All data were expressed as the mean ± standard error of mean (Repeats=3). Differences in the parameters were analyzed using one-way analysis of variance followed by Tukey's post hoc test. P<0.05 was considered to indicate a statistically significant difference.

It was identified that the neurological score was increased in stroke rats treated with miRNA-22 acetate compared with the control group (Fig. 1A). Next, the changes of miRNA-22 expression were measured using microarray and qPCR. The results indicated that miRNA-22 expression was downregulated in ischemic stroke rats, compared with the control group (Fig. 1B and C).

To examine the function of miRNA-22 in the ischemic stroke model in vitro, anti-miRNA-22 mimics were used, which downregulated miRNA-22 expression in the ischemic stroke model compared with the control group (Fig. 2A). In addition, downregulation of miRNA-22 increased the expression of TNF-α, IL-1β, IL-6, IL-18, MIP-2 and PGE2 in the ischemic stroke model in vitro, compared with the control group (Fig. 2B).

miRNA-22 expression in the in vitro ischemic stroke model was successfully upregulated using miRNA-22 mimics, compared with control negative group (Fig. 3A). The overexpression of miRNA-22 decreased the expression levels of TNF-α, IL-1β, IL-6, IL-18, MIP-2 and PGE2 in the ischemic stroke model in vitro, compared with the control group (Fig. 3B).

To investigate the mechanism of action of miRNA-22 against stroke, the potential miRNA-22 binding sites in the 3′-untranslated region (3′-UTR) of p38 MAPK were identified (Fig. 4A) and a luciferase reporter assay was performed.

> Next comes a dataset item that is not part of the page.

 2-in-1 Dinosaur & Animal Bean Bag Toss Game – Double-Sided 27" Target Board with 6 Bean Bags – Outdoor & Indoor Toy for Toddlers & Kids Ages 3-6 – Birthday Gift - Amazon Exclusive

Co-transfection of PC12 cells with anti-miR-122 and the wild-type p38/MAPK 3-UTR sequence resulted in an increase in luciferase activity when compared with the mutant 3′-UTR sequence, indicating that miR-122 may target p38 MAPK and regulate its expression (Fig. 4B). Results of immunofluorescence demonstrated that the downregulation of miRNA-22 could induce the protein expression of p-p38 MAPK in the model in vitro, compared with the control group (Fig. 4C). Additionally, the downregulation of miRNA-22 upregulated the protein expression of p-p38, NF-κB, COX-2 and iNOS in the in vitro model, compared with the control group (Fig. 4D). By comparison, overexpression of miRNA-22 suppressed the protein expression of p-p38, NF-κB, COX-2 and iNOS in model in vitro, compared with the control group (Fig. 5).

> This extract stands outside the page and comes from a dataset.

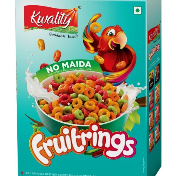 Kwality Fruitrings 375g| Mixed Fruit Flavor-Mango, Strawberry, Orange & Vanilla | Multigrain Breakfast Cereal for Kids | High in Protein & Fiber | Instant Food – Fast Shipping to USA & Canada

To further investigate the role of p38 in the pro-inflammatory effects of anti-miRNA-22 on stroke, p38 inhibitor (LY2228820; 3 nM) was used in the in vitro ischemic stroke model by anti-miRNA-22. As shown in Fig. 6, p38 inhibitor suppressed the protein expression of p-p38, NF-κB, COX-2 and iNOS in vitro by anti-miRNA-22, compared with the anti-miRNA-22 group. Furthermore, p38 inhibitor also reduced the pro-inflammatory effects of anti-miRNA-22 on the levels of TNF-α, IL-1β, IL-6, IL-18, MIP-2 and PGE2 in model in vitro, compared with the anti-miRNA-22 only group (Fig. 7).